Im Laufe der Zeit wurde deutlich, dass das Schreiben eine wichtige Ergänzung zur fotografischen Praxis darstellt. Es unterstützt die bewusste Wahrnehmung, schärft den Blick für Details und fördert die Reflexion über die eigene Motivation. Das Tagebuch wurde so zu einem kontinuierlichen Begleiter meines fotografischen Weges und dokumentiert nicht nur einzelne Ereignisse, sondern auch die Entwicklung meines Sehens.

Die bewusste Entscheidung für das Analoge

Ein wesentliches Merkmal meines Foto-Tagebuchs ist seine analoge Form. Ich führe es in einem DIN-A5-Moleskine und schreibe es ausschließlich mit Bleistift. Diese Entscheidung ist kein nostalgischer Rückgriff, sondern das Ergebnis einer bewussten Auseinandersetzung mit den Qualitäten des Analogen.

Das Schreiben von Hand verlangt Zeit und Aufmerksamkeit.

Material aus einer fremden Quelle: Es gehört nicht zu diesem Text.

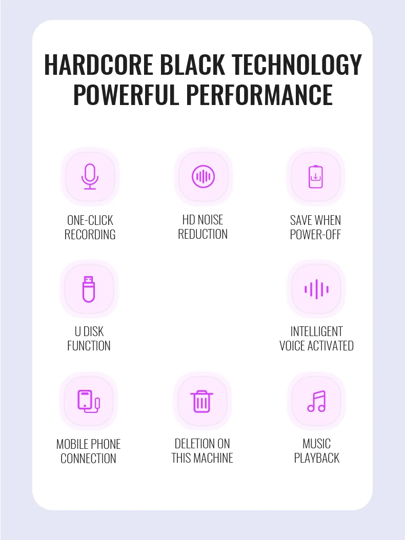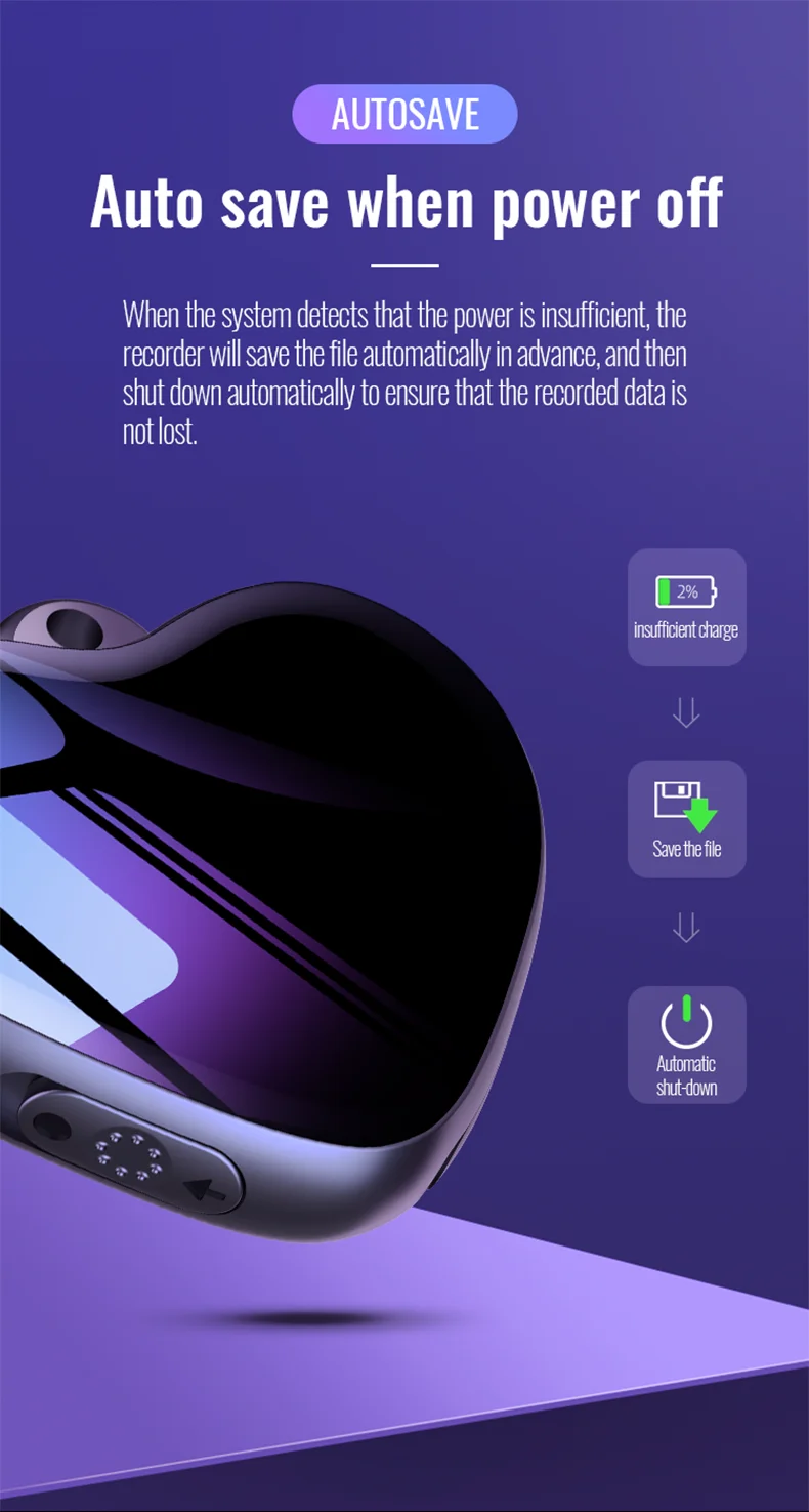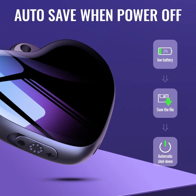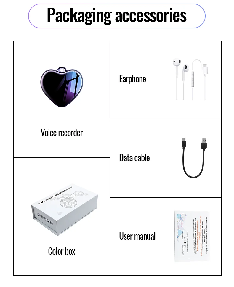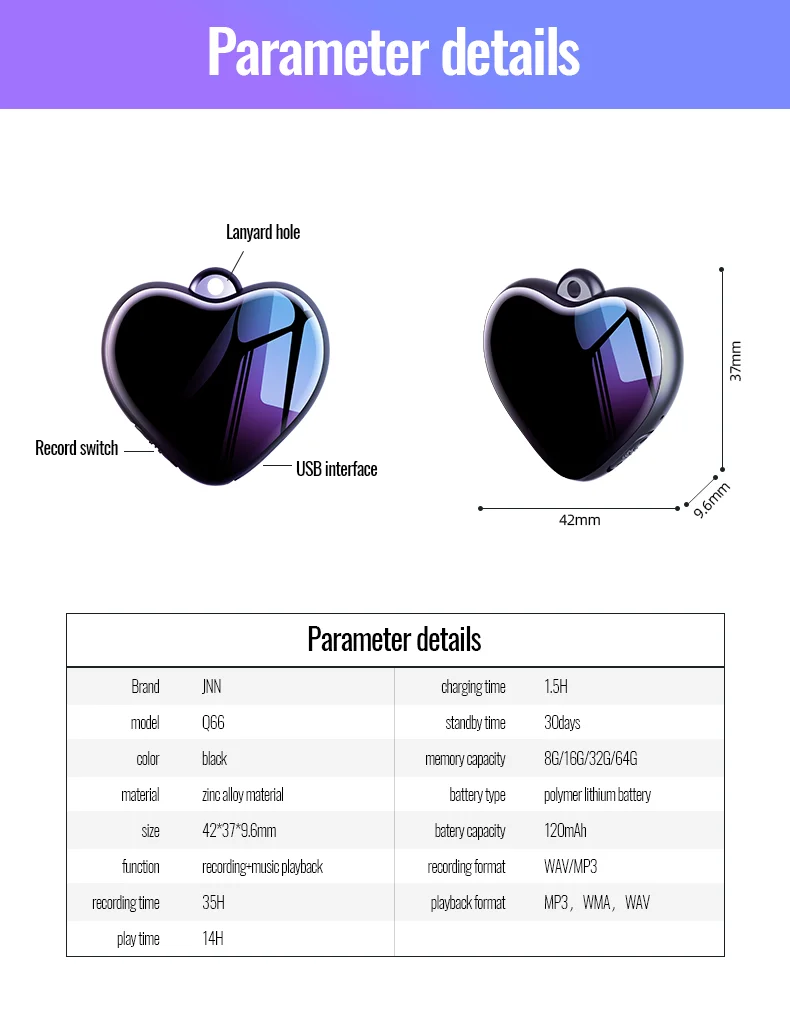 Features: 1.Elegant Jewelry: This mini voice recorder doubles as a stunning heart-shaped pendant, offering not only digital recording device functionality but also serves as a beautiful and elegant piece of jewelry when not in use. 2.One-Touch Recording: Thoughtfully designed with one-touch recording, this voice activated recorder allows you to effortlessly start recording at any moment by simply pressing the recording button, capturing important moments with ease. 3.Smart Voice Activation: Featuring intelligent voice activation technology, the small audio player starts recording when it detects sound and stops in silence, efficiently conserving memory space and battery life while capturing every sound detail. 4.Scheduled Recording: With the versatile scheduled recording feature, you can set up recordings anytime, anywhere, making your micro recording pendant more professional in timing, ensuring you never miss a moment worth recording. 5.Auto-Save Function: Ensures peace of mind with automatic file saving; when low power is detected, the digital recording device system saves recordings and powers down, guaranteeing that valuable audio data is never lost. Specification: Origin: Mainland China Color: Black Material: Aluminum Alloy Battery Capacity: 120mAh Charging Time: 1.5H Standby Time: 30 Days Quick Recording: One-button Two-speed / One-button Normal Recording, (One-button Voice Control Recording can be set) Voice Control Recording: Support (Voice Control Sensitivity is adjustable) Recording Format: WAV Playback Format: MP3, WMA, OGG, APE, FLAC, WAV, AAC-LC ACELP Timestamp: With timestamp Other Functions: With delete function, power LED indicator, playback LED indicator, automatic split recording, circle overwrite recording, support fast forward and rewind playback, adjustable bit rate 192-1536kbit, timed recording, wired control operation ,5D glass, beautiful appearance, with lanyard hole Product size: 42x37x9.6mm/1.65x1.46x0.38inch Product weight: 24g Packaging size: 146x90x44mm/5.69x3.51x1.72in Gross weight: 137g Note: |

Es verlangsamt den Prozess des Festhaltens von Gedanken und schafft dadurch Raum für Reflexion. Im Gegensatz zu digitalen Notizen, die schnell erstellt und ebenso schnell wieder vergessen werden können, besitzt ein handschriftliches Tagebuch eine besondere Beständigkeit und Präsenz. Die Haptik des Papiers, der Widerstand des Bleistifts und die sichtbare Handschrift tragen dazu bei, dass jeder Eintrag zu einem individuellen Ausdruck des Moments wird.

Der Bleistift als Schreibinstrument unterstreicht zudem den vorläufigen Charakter von Erinnerungen. Seine Spuren sind veränderbar und können mit der Zeit verblassen – ein stiller Hinweis auf die Vergänglichkeit von Wahrnehmung und Erinnerung, die auch der Fotografie innewohnt.

Ein Tagebuch ohne Fotografien

Obwohl das Tagebuch eng mit meiner fotografischen Tätigkeit verbunden ist, enthält es bewusst keine Fotografien. Diese Entscheidung lenkt den Fokus weg vom fertigen Bild hin zu den Gedanken und Empfindungen, die mit dem fotografischen Prozess verbunden sind. Die Abwesenheit von Bildern eröffnet mir einen Raum für Imagination und Interpretation.

Durch die rein schriftliche Form entsteht eine Distanz zum visuellen Ergebnis, die eine intensivere Reflexion ermöglicht. Das Tagebuch dokumentiert nicht, was ich fotografiert habe, sondern warum ein Motiv für mich Bedeutung erlangte und wie ich den Moment erlebt habe. Es ergänzt somit die Fotografien, ohne sie zu wiederholen.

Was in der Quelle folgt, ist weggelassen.